The entire TSO organization misses O’Neill, of course. But Plate said the good thing is O’Neill and his family surrounded themselves with a stellar team that knows every part of the operation.

“Paul told us many, many, many times this thing is going to outlive us all and it’s going to last from generation to generation,” Plate said. “Thinking for a moment that it would be without him was not in any of our thoughts. When it happened, it’s like ‘Well guys, we know what to do. We know what the job is.’ We know Paul would ask certain things of us throughout the years and you learn what the guy expects out of you and the show and everybody involved in the show. We are as protective of this as anybody. I cherish every time we go out there, every note we play. We’re doing it for, not just for the audience, but for Paul and his family, and it means a lot to us.”

This year’s show finds TSO performing The Ghosts of Christmas Eve, which is the 2001 DVD that combined the most popular songs from Christmas Eve and Other Stories and The Christmas Attic. With the performance initially being aired on PBS stations, it has become one of TSO’s most popular releases.

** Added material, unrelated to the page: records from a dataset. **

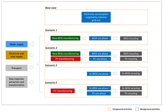 The large-scale production and usage of automotive batteries also presents a significant concern regarding environmental impacts, as the manufacturing, application, and recycling/disposal of batteries are also sources of pollution []. In particular, the battery manufacturing phase involves substantial energy consumption and emissions of pollutants, prompting research to explore the possibility of repurposing end-of-life automotive batteries in battery energy storage systems (BESSs) to mitigate the environmental impacts associated with battery production and enhance battery efficiency []. Indeed, secondary utilization has been proven beneficial across various environmental impact categories []. In recent years, numerous studies have directed their attention towards assessing the environmental sustainability of battery recycling, particularly with the increasing retirement of automotive batteries [,,,]. Factors such as cell chemistry, recycling efficiency, and the quality of recovered materials can significantly influence the environmental impact of various recycling methods [,,]. A direct comparison between the recycling of lithium iron phosphate (LFP) batteries and recycling after secondary utilization in BESSs revealed that incorporating LFP secondary utilization in BESSs effectively reduces fossil fuel consumption in the life cycle []. Thus, if over 50% of lithium-ion batteries were repurposed, significant environmental impacts could be mitigated. Finally, from a life cycle perspective, the operational phase of batteries entails considerable environmental impacts arising from the generation of the electricity required for their recharging [], which vary depending on the carbon footprint characteristic of the electricity mix being utilized. For example, in Europe, this mix ranges from 56 gCO2eq/kWh in France to 692 gCO2eq/kWh in Poland []. For this reason, numerous studies are investigating the integration of BESS with renewable energy generators, such as wind or photovoltaics (PVs) [,].
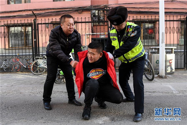 11月25日,在防暴演練現(xiàn)場(chǎng),民警和家長合作制服一名“歹徒”。
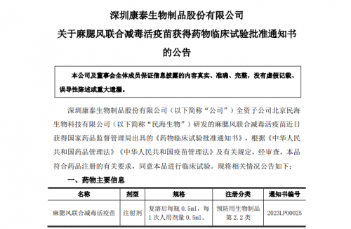 近日,深圳康泰生物制品股份有限公司(以下简称“康泰生物”)发布公告,公司全资子公司北京民海生物科技有限公司研发的麻腮风联合减毒活疫苗获得国家药品监督管理局出具的《药物临床试验批准通知书》,根据有关规定,经审查,本品符合药品注册的有关要求,同意进行临床试验。
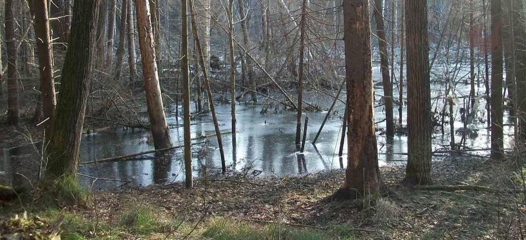 Хмурый день поздней осени. Погода пасмурная, а в лесу тем более грустно и неуютно. В старом осиннике, листья которого облетели и покрыли всю землю, еще терпимо, а вот в высоком старом тёмном ельнике совсем тоскливо. Снег уже шел несколько раз, потом таял, здесь он белеет только на поваленных деревьях. Лужи подо льдом, ночами уже достаточно устойчивый морозец и за день лед не успевает таять. Самое время поискать в лесу зайца – он уже белый, прячется в укромных уголках, выскакивает почти из под ног, а бывает из под ног в самом прямом смысле. Казалось бы белый на чёрном, а лежит так что рядом пройдешь - не увидишь. Зато выскакивает буквально как вылетает, бежит стремглав, причем совершенно не слышно.
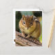 Um bonitinho esquilo olha com atenção para a câmera de um galho de árvore caído.
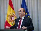 Miquel Iceta ha aceptado esta mañana la cartera de Cultura y Deporte de manos de José Manuel Rodríguez Uribes con un saludo en todas las lenguas oficiales que ha sonado a declaración de principios. “El carácter plurilingüe de la cultura española obliga al federalismo cultural y me apresto a hacer todo lo posible desde el cargo que voy a ocupar”, ha dicho el exministro de Política Territorial y Función Pública. Su discurso, lleno de humor y de referencias a los predecesores “que ya no están” (“la cultura es también memoria y no puedo dejar de acordarme sin emocionarme de Carmen Alborch y Jordi Solé Tura”), ha incluido también un reconocimiento al potencial del español en el mundo. “Tenemos capacidad para convertirnos en una superpotencia cultural y deportiva”, ha advertido. “Hay que hablar de España”, ha defendido, para añadir que a él no le “cuesta”, pues intenta “llevar siempre el escudo de España”, porque no ha visto “nunca cosa más integradora”.

The Ghosts of Christmas Eve will take up most of the first half of the show, followed by a second part that draws on selections from across the TSO catalog. Because many of the most popular songs will be performed as part of The Ghosts of Christmas Eve, Pitrelli, Plate and the musicians had room for some songs this year that haven’t often been performed on past tours.

“We have a lot of conversations. Everybody will throw their ideas in,” Pitrelli said. “We have such a large catalog of material to draw from, almost 28 years of recording, all of a sudden a song will pop up, like, ‘Wow, I haven’t heard that song in so long. Let’s try that this year.’ So it’s just a lot of that.”